On February 19, 2026, the Federal Energy Regulatory Commission (FERC) issued an order in Branch Street Solar Partners, LLC, addressing a rehearing and clarification request filed by several solar qualifying facilities (QFs) whose owners had failed to timely recertify their facilities after changes in ownership. In relevant part, the QF owners argued that their delays in filing recertifications did not change the fact that their projects remained QFs during the delay periods and that the projects in that time continued to be exempt from certain parts of the Federal Power Act (FPA)—namely, FPA section 205, which requires FERC authorization to engage in wholesale sales of energy, unless a project is exempt as a QF.
FERC, however, determined that because the recertifications (via Form 556) for these projects did not occur until months or years after the ownership changes, the facilities’ prior QF certifications “may no longer be relied upon” and therefore FERC no longer considered the companies to be QFs during the interim period. In other words, FERC seems to have determined that the projects ceased being QFs immediately upon the change in material facts—for these cases, changes in upstream ownership—and that the companies did not regain that status, and the associated regulatory exemptions, until the owners filed the recertifications.
FERC asserted that the failures to timely recertify did not revoke the facilities’ QF status (because that would require a formal process), but held that, because the companies’ certifications were out of date, the fact that companies may “no longer rely upon” their QF status meant they were no longer QFs at all—a change in regulatory status that seemingly occurred simultaneously with the change in facts and by operation of law.
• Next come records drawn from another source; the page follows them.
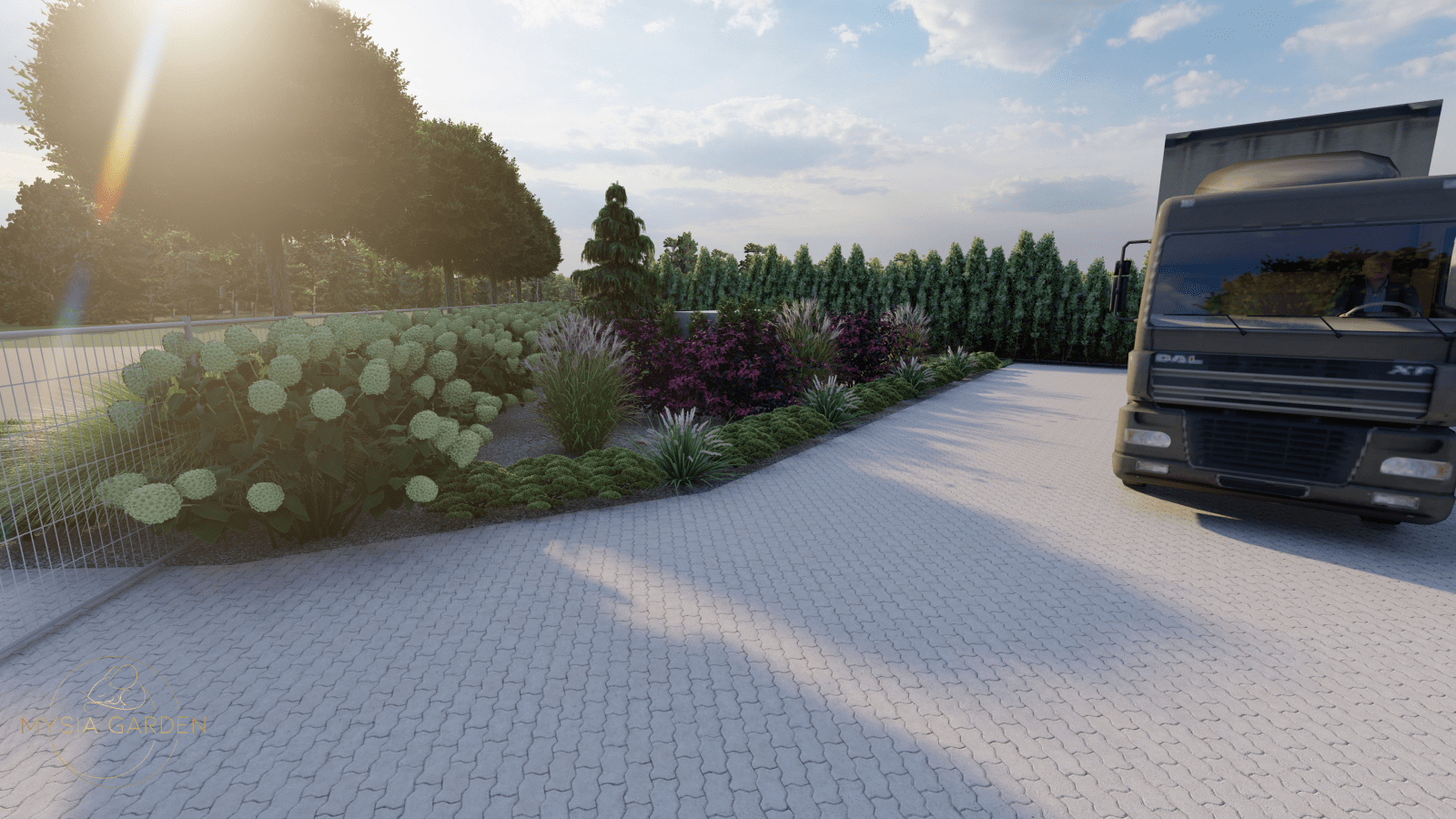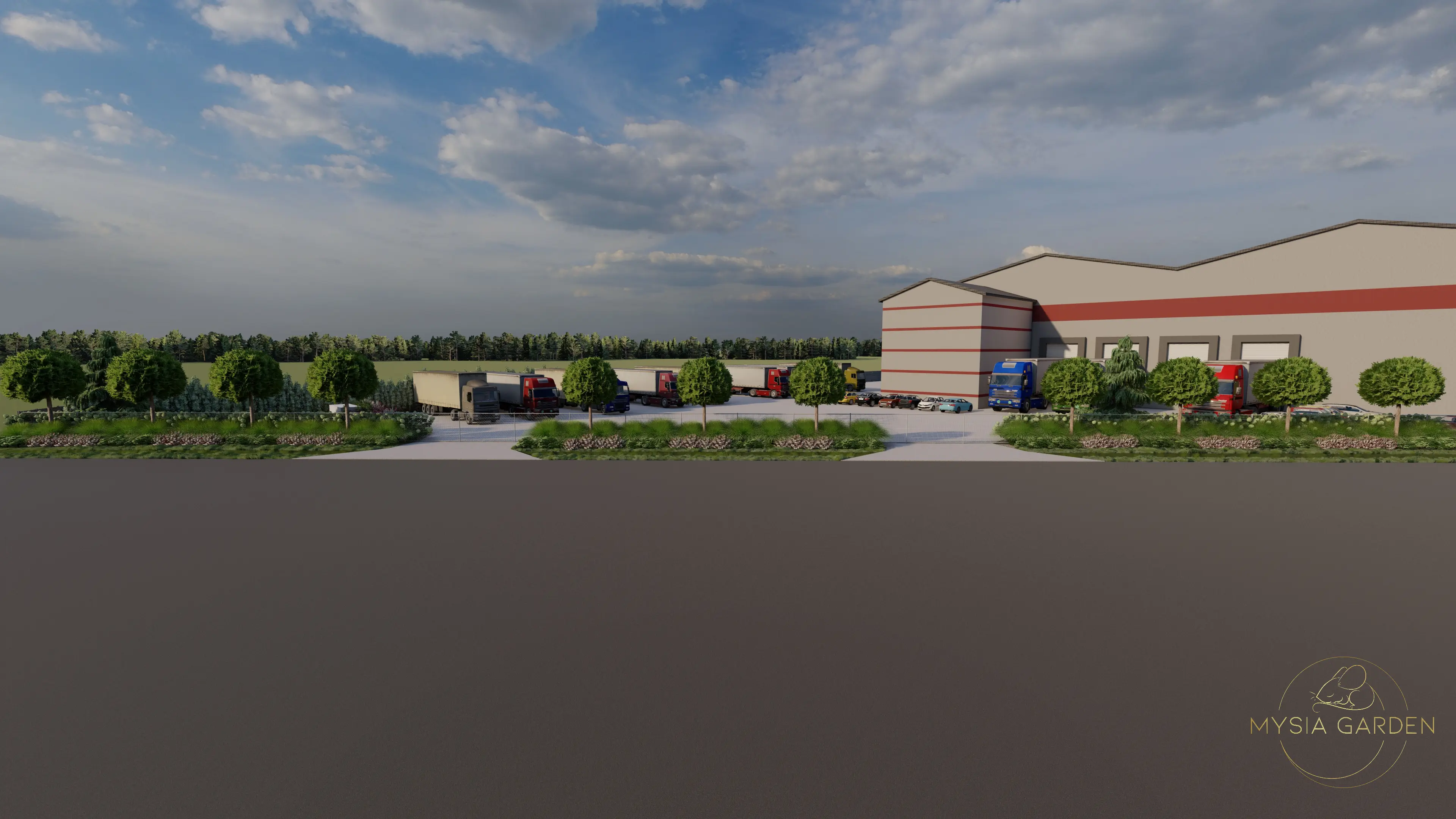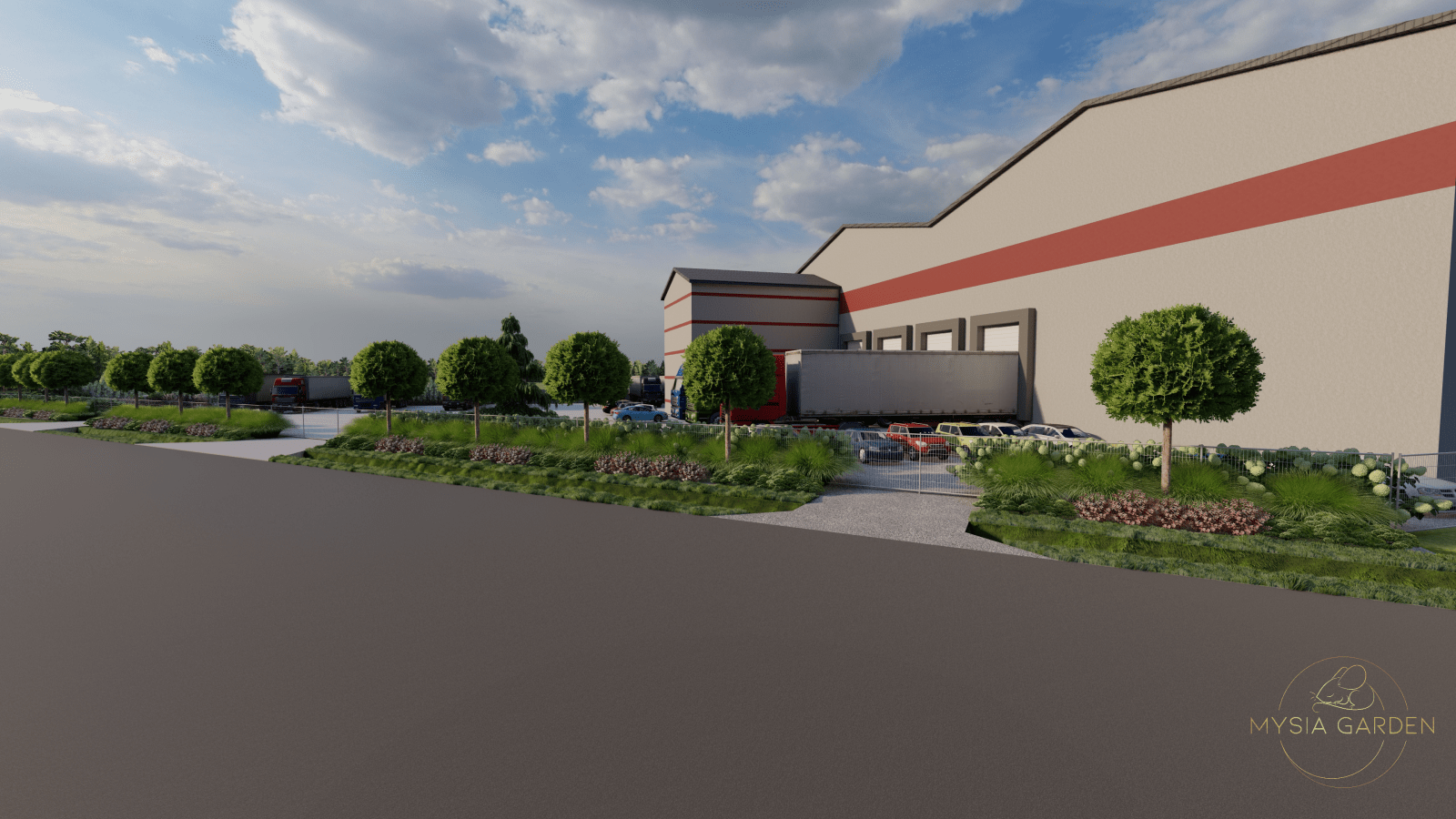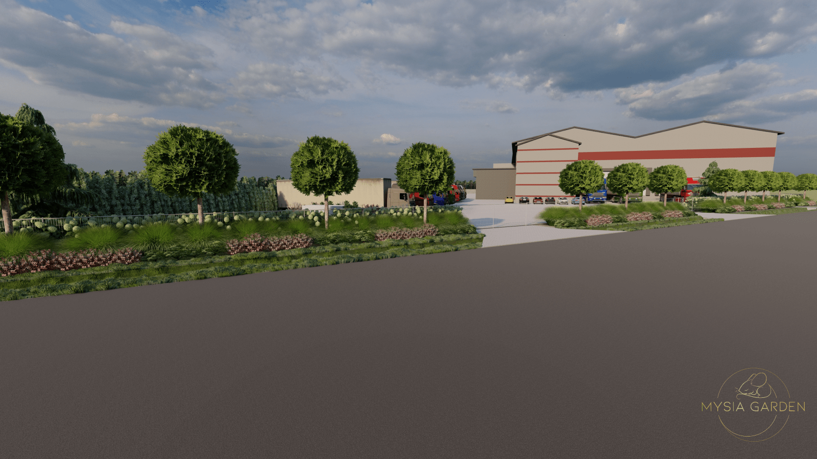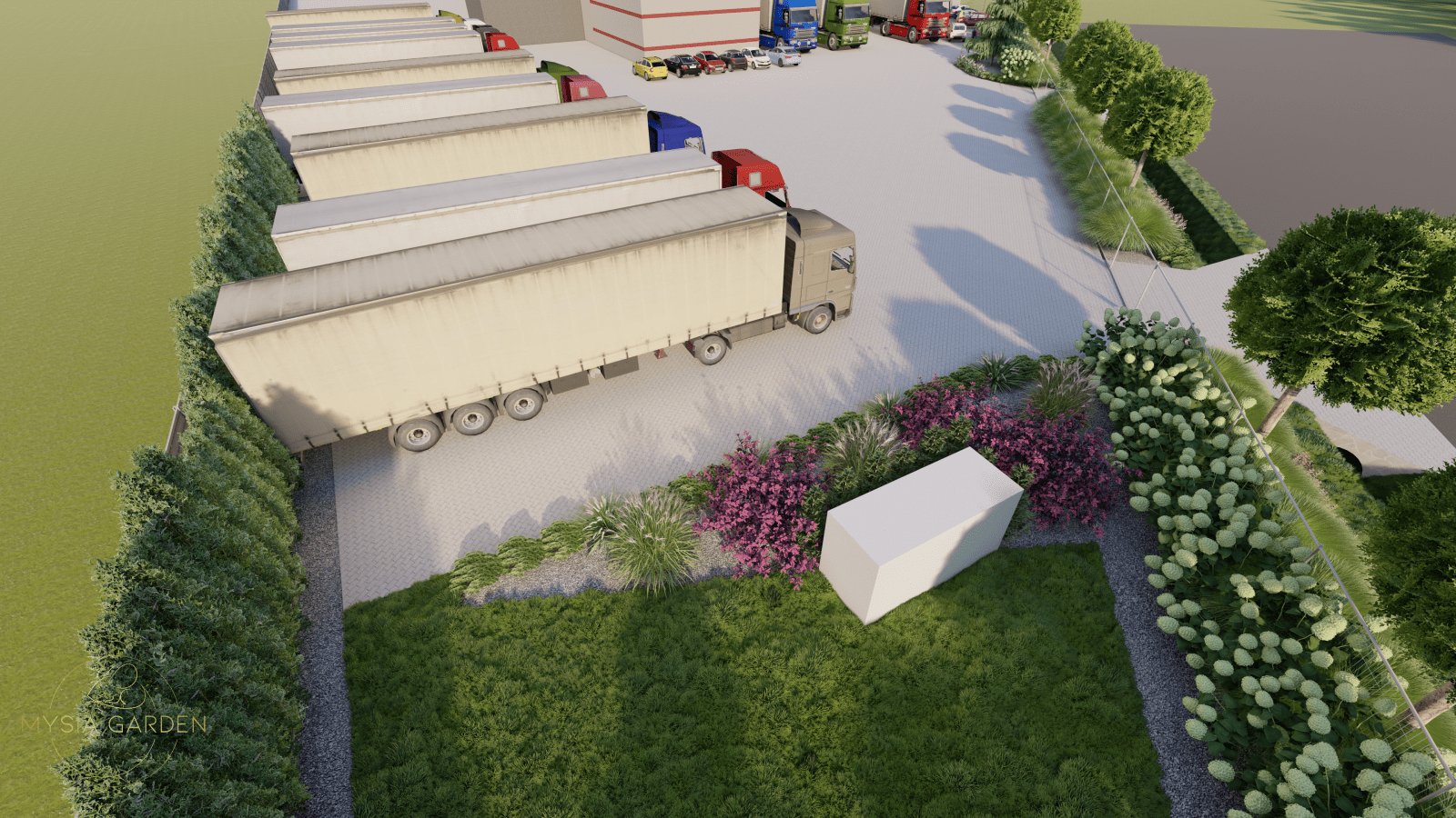 Celem założenia było, podniesie walorów wizualnych tego miejsca z poszanowaniem dla dominującej nawierzchni utwardzonej, która potrzeba jest dla dużych samochodów ciężarowych. Z tego względu zdecydowano się na jednolite nasadzenia przed ogrodzie, które zostały przełamane wyższym piętrem drzew o odmianie charakteryzującej się kulistą koroną. Wewnątrz obiektu zaprojektowano szpalery hortensji oraz pojedyncze rabaty. Zabieg ten spowodował, iż zimna betonowa przestrzeń, została ocieplona zielonymi kompozycjami.
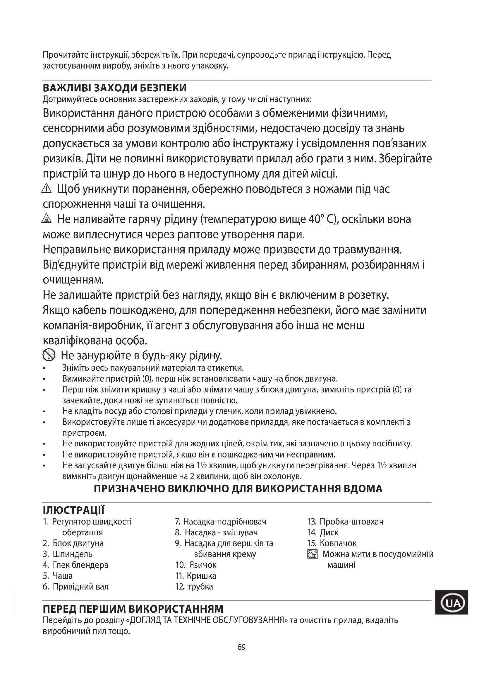 За да се избегнат екологични и здравни проблеми поради наличие на опасни субстанции, уредите, акумулаторните и неакумулаторните батерии, обозначени с един от тези символи, не трябва да се изхвърлят заедно с несортирани общински отпадъци. Винаги изхвърляйте електрически и електронни продукти и, където е приложимо, акумулаторни и неакумулаторни батерии, на подходящо официално място за рециклиране/събиране.69 Прочитайте інструкції, збережіть їх. При передачі, супроводьте прилад інструкцією. Перед застосуванням виробу, зніміть з нього упаковку. ВАЖЛИВІ ЗАХОДИ БЕЗПЕКИ Дотримуйтесь основних застережних заходів, у тому числі наступних: Використання даного пристрою особами з обмеженими фізичними, сенсорними або розумовими здібностями, недостачею досвіду та знань допускається за умови контролю або інструктажу і усвідомлення пов’язаних ризиків. Діти не повинні використовувати прилад або грати з ним. Зберігайте пристрій та шнур до нього в недоступному для дітей місці. c Щоб уникнути поранення, обережно поводьтеся з ножами під час спорожнення чаші та очищення. h Не наливайте гарячу рідину (температурою вище 40° C), оскільки вона може виплеснутися через раптове утворення пари. Неправильне використання приладу може призвести до травмування. Від’єднуйте пристрій від мережі живлення перед збиранням, розбиранням і
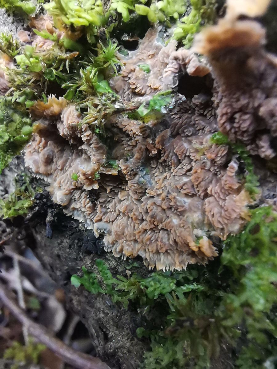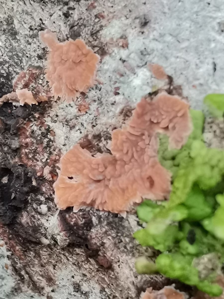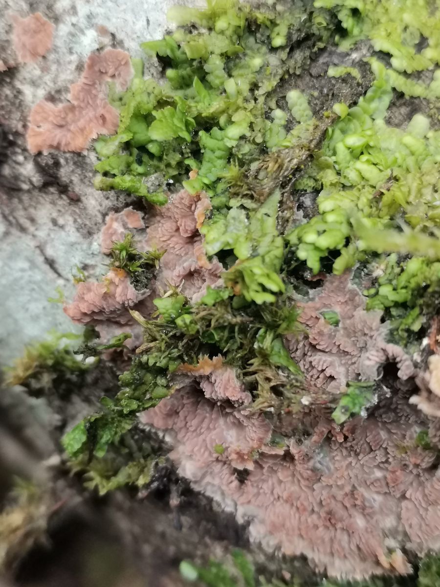 Guten Abend ich komme hier auf eine phlebia Art oder. Sie wuchs auf laubholz und die Sporen messen 5 bis 6 mm radiata oder rufa sicher nicht oder es ist etwas völlig anderes lg.

As a result, FERC treated the facilities as if they were no longer QFs during the interim delay period and accordingly found that the companies had made wholesale sales without FPA section 205 authorization, triggering refunds for violating federal law.
So, what is the takeaway from FERC’s Branch Street order? Is every fact reported in Form 556 material, and must companies now report any change immediately, no matter how small? Not necessarily. However, FERC has voiced its belief that the “may no longer be relied upon” language that appears in its regulations may, in some circumstances, cause a company’s QF status to toggle on/off as quickly as the facts reported in Form 556 change due to external circumstances. Consequently, going forward, QFs should be mindful to update their QF self-certifications as soon as possible following upstream changes in control and potentially other changes.